Comment by jms55

8 months ago

Bindless is pretty much _the_ most important feature we need in WebGPU. Other stuff can be worked around to varying degrees of success, but lack of bindless makes our state changes extremely frequent, which heavily kills performance with how expensive WebGPU makes changing state. The default texture limits without bindless are also way too small for serious applications - just implementing the glTF PBR spec + extensions will blow past them.

I'm really looking forward to getting bindless later down the road, although I expect it to take quite a while.

By the same token, I'm quite surprised that effort is being put into a compatibility mode, when WebGPU is already too old and limiting for a lot of people, and when WebGL(2) is going to have to be maintained by browsers anyways.

76 comments

jms55

Animats 8 months ago

> Bindless is pretty much _the_ most important feature we need in WebGPU. Other stuff can be worked around to varying degrees of success, but lack of bindless makes our state changes extremely frequent, which heavily kills performance with how expensive WebGPU makes changing state.

Yes.

This has had a devastating effect on Rust 3D graphics. The main crate for doing 3D graphics in Rust is WGPU. WGPU supports not just WebGPU, but Android, Vulkan, Metal, Direct-X 12, and OpenGL. It makes them all look much like Vulkan. Bevy, Rend3, and Renderling, the next level up, all use WGPU. It's so convenient.

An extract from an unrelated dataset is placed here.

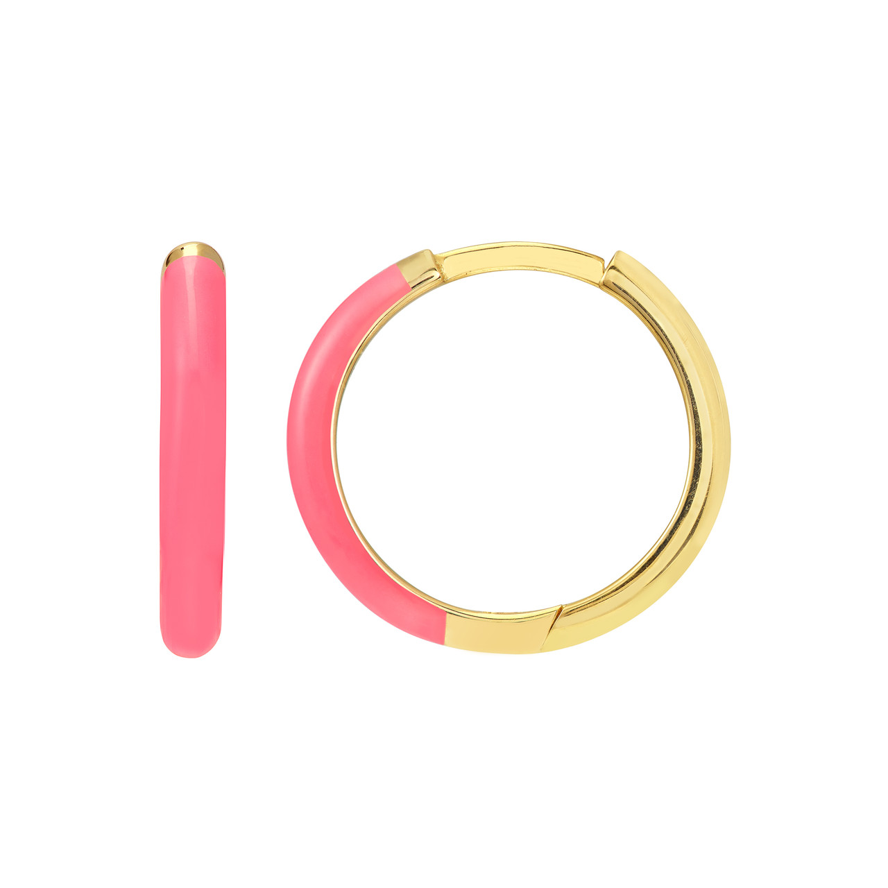 Neon Pink Enamel 1/2 Polished Hoop Earrings

WGPU has lowest common denominator support. If WebGPU can't do something inside a browser, then WGPU probably can't do it on other platforms which could handle it. So WGPU makes your gamer PC perform like a browser or a phone. No bindless, no multiple queues, and somewhat inefficient binding and allocation.

This is one reason we don't see high-performance games written in Rust.

After four years of development, WGPU performance has gone down, not up. When it dropped 21% recently and I pointed that out, some people were very annoyed.[1]

Google pushing bindless forward might help get this unstuck. Although notice that the target date on their whiteboard is December 2026. I'm not sure that game dev in Rust has that much runway left. Three major projects have been cancelled and the main site for Rust game dev stopped updating in June 2024.[2]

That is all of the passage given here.